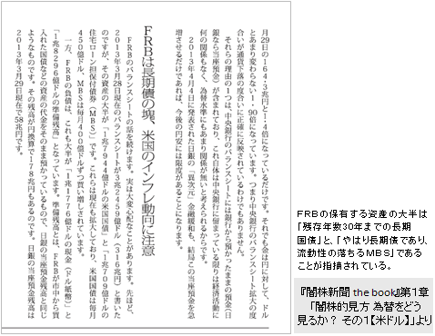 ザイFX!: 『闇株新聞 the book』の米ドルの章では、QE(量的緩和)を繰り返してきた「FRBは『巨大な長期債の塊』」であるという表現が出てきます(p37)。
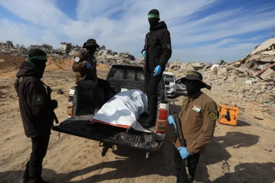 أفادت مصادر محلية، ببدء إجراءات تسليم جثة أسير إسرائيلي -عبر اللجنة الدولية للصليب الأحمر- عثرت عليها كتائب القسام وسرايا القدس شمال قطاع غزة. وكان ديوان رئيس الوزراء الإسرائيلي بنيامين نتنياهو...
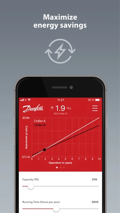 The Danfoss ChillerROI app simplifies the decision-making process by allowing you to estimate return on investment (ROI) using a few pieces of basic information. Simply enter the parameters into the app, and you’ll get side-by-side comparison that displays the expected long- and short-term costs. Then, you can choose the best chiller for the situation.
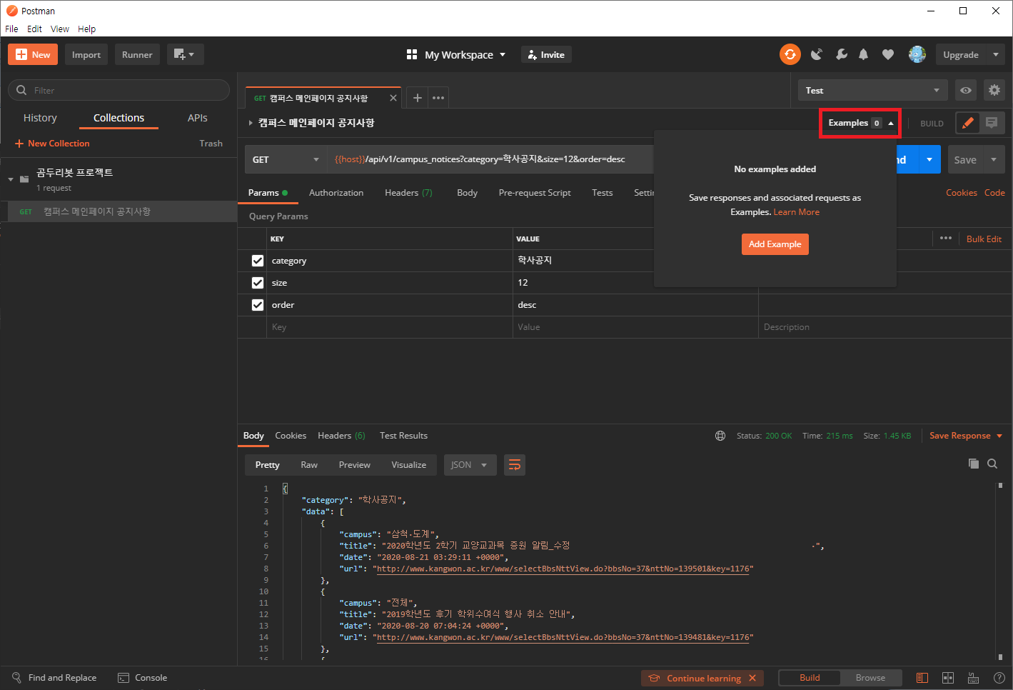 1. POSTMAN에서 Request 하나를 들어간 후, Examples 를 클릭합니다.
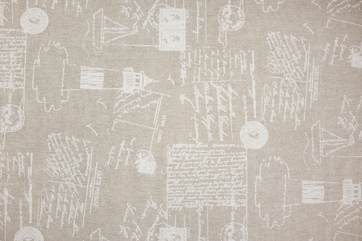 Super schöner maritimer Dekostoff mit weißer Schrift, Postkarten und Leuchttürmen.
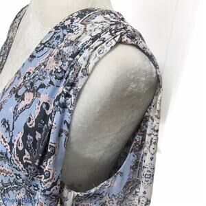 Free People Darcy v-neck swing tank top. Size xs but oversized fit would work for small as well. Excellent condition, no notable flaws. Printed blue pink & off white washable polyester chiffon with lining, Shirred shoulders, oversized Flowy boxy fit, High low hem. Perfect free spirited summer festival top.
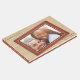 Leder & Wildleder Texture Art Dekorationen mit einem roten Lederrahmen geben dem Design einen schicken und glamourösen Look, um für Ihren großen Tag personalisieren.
= = =
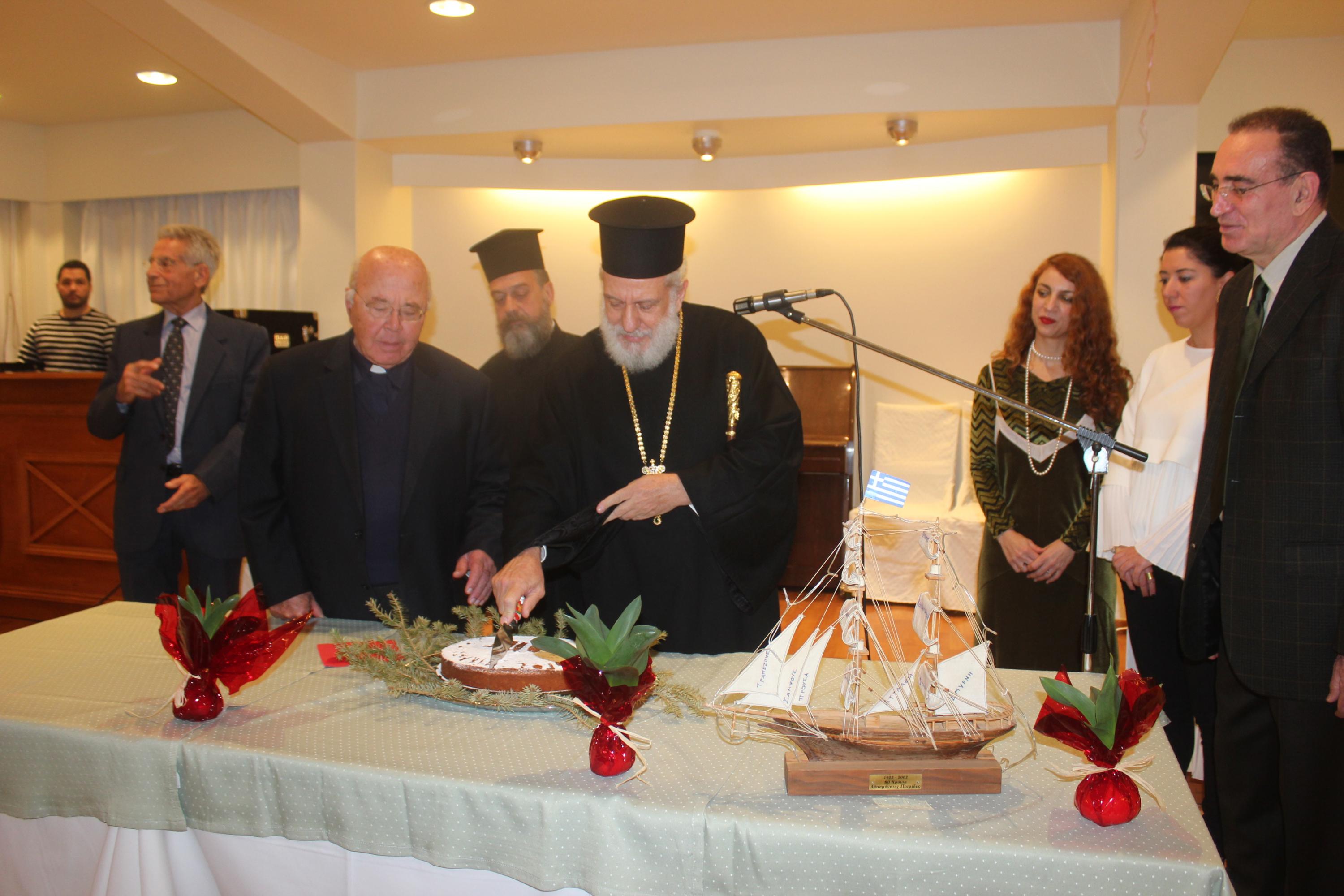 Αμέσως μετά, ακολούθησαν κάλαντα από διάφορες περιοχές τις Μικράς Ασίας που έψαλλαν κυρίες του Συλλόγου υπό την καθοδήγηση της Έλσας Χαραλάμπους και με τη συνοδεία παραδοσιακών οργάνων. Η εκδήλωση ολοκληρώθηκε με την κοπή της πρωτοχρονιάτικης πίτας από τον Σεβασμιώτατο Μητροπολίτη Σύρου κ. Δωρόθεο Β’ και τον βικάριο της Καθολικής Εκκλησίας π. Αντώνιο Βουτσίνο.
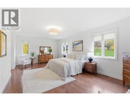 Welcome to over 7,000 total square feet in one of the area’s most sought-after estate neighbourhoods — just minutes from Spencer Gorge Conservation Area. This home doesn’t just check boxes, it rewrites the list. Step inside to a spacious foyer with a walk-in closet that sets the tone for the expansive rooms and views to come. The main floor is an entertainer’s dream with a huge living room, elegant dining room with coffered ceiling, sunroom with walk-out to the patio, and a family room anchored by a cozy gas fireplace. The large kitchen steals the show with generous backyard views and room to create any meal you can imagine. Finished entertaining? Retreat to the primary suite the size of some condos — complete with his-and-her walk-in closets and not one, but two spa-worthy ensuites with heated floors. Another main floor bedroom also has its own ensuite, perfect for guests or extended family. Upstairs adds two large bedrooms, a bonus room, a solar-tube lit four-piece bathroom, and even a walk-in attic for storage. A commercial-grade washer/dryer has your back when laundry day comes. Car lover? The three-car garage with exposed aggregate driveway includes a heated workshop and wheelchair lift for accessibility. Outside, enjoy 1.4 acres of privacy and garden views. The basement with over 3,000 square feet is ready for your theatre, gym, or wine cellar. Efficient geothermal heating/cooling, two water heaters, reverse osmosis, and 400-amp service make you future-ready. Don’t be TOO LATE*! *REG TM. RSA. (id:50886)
= = =
Going by the data above, the answer is exactly the lines from the one holding "ザイFX!: 『闇株新聞 the" to the one holding "Leder & Wildleder", both kept, with the pictures left out.

 ザイFX!: 『闇株新聞 the book』の米ドルの章では、QE(量的緩和)を繰り返してきた「FRBは『巨大な長期債の塊』」であるという表現が出てきます(p37)。
 أفادت مصادر محلية، ببدء إجراءات تسليم جثة أسير إسرائيلي -عبر اللجنة الدولية للصليب الأحمر- عثرت عليها كتائب القسام وسرايا القدس شمال قطاع غزة. وكان ديوان رئيس الوزراء الإسرائيلي بنيامين نتنياهو...
 The Danfoss ChillerROI app simplifies the decision-making process by allowing you to estimate return on investment (ROI) using a few pieces of basic information. Simply enter the parameters into the app, and you’ll get side-by-side comparison that displays the expected long- and short-term costs. Then, you can choose the best chiller for the situation.
 1. POSTMAN에서 Request 하나를 들어간 후, Examples 를 클릭합니다.
 Super schöner maritimer Dekostoff mit weißer Schrift, Postkarten und Leuchttürmen.
 Free People Darcy v-neck swing tank top. Size xs but oversized fit would work for small as well. Excellent condition, no notable flaws. Printed blue pink & off white washable polyester chiffon with lining, Shirred shoulders, oversized Flowy boxy fit, High low hem. Perfect free spirited summer festival top.
 Leder & Wildleder Texture Art Dekorationen mit einem roten Lederrahmen geben dem Design einen schicken und glamourösen Look, um für Ihren großen Tag personalisieren.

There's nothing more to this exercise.